Repeat the records below exactly from the line containing "Renkaat: Challenge Getaway" to the line containing "Lit cabane avec", taking in both of those lines. Drop the pictures.
START Raw data
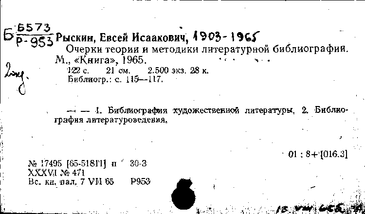 ‼* Рыскин, Е. И. Очерки теории и методики литературной библиографии / Е. И. Рыскин. – Москва : Книга, 1965. – 122 с. – Библиогр.: с. 115-117.
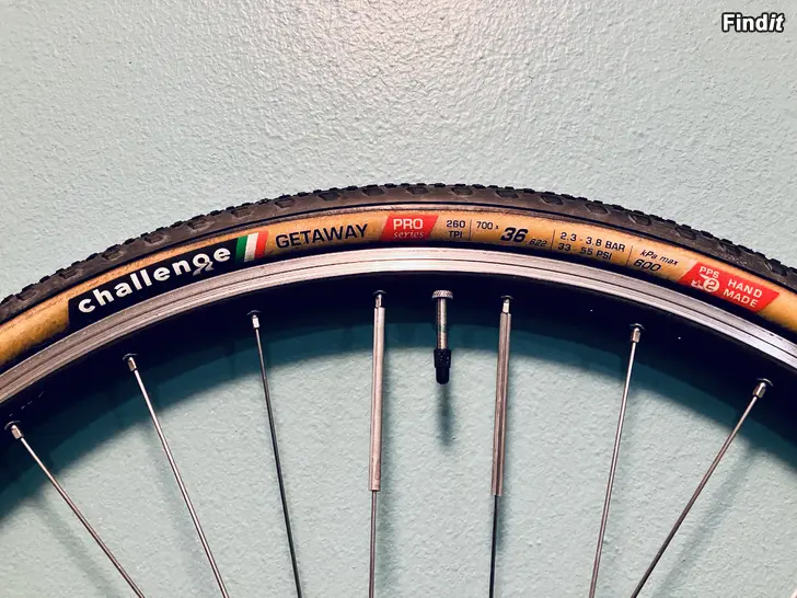 Renkaat: Challenge Getaway 36-622 + sisärenkaat + en mene takuuseen, mutta saattaa olla myös pistosuojanauha sisällä, en siis 100 varma kuitenkaan ole...
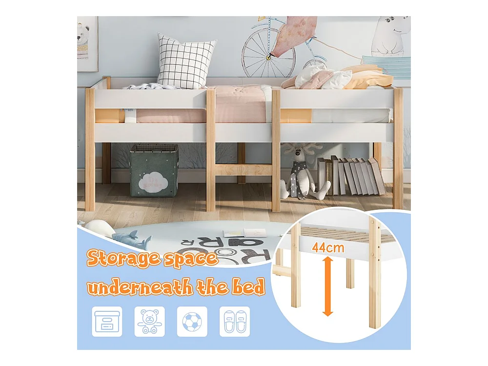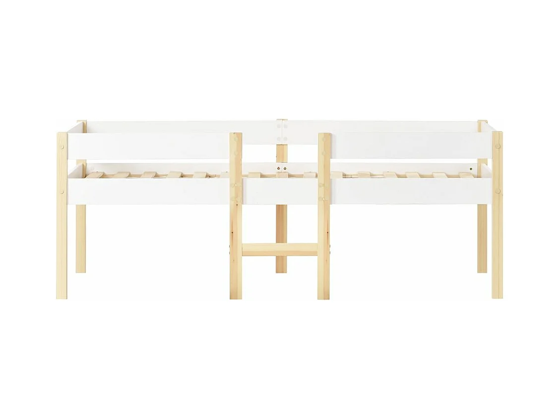 Lit cabane avec protection antichute - échelle - 90x190 cm - blanc - Sweiko
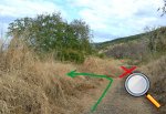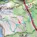 La carte représente la zone entourant le passage sous la Route des Tamarins pour franchir le pont de la Ravine Cocâtre. Les parties vertes correspondent à des portions de piste en très bonne qualité (Est) ou une piste envahie d'herbe (Ouest) mais où on ne se pose pas de question d'itinéraire. La partie rouge est à éviter absolument, voir photo ci-dessous. La portion orange représente la seule difficulté du parcours car la route de service de la société de la RN n'est plus visible. Les différents randonneurs ont tracé un minuscule sentier qui rejoint directement la fin de la descente le long du câble métallique servant de main courante (ouest de la RN) à la piste qui mène au village de la Grande Ravine. Cela représente environ 150 mètres de difficulté mais la trace reste visible sur un terrain pentu et glissant.
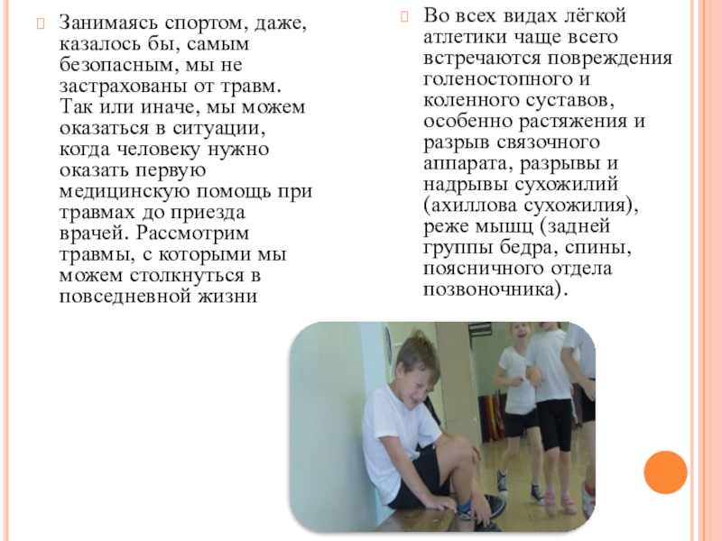 Во всех видах лёгкой атлетики чаще всего встречаются повреждения голеностопного и коленного суставов, особенно растяжения и разрыв связочного аппарата, разрывы и надрывы сухожилий (ахиллова сухожилия), реже мышц (задней группы бедра, спины, поясничного отдела позвоночника).
END Raw data
» Result of the task:
 Renkaat: Challenge Getaway 36-622 + sisärenkaat + en mene takuuseen, mutta saattaa olla myös pistosuojanauha sisällä, en siis 100 varma kuitenkaan ole...
 Lit cabane avec protection antichute - échelle - 90x190 cm - blanc - Sweiko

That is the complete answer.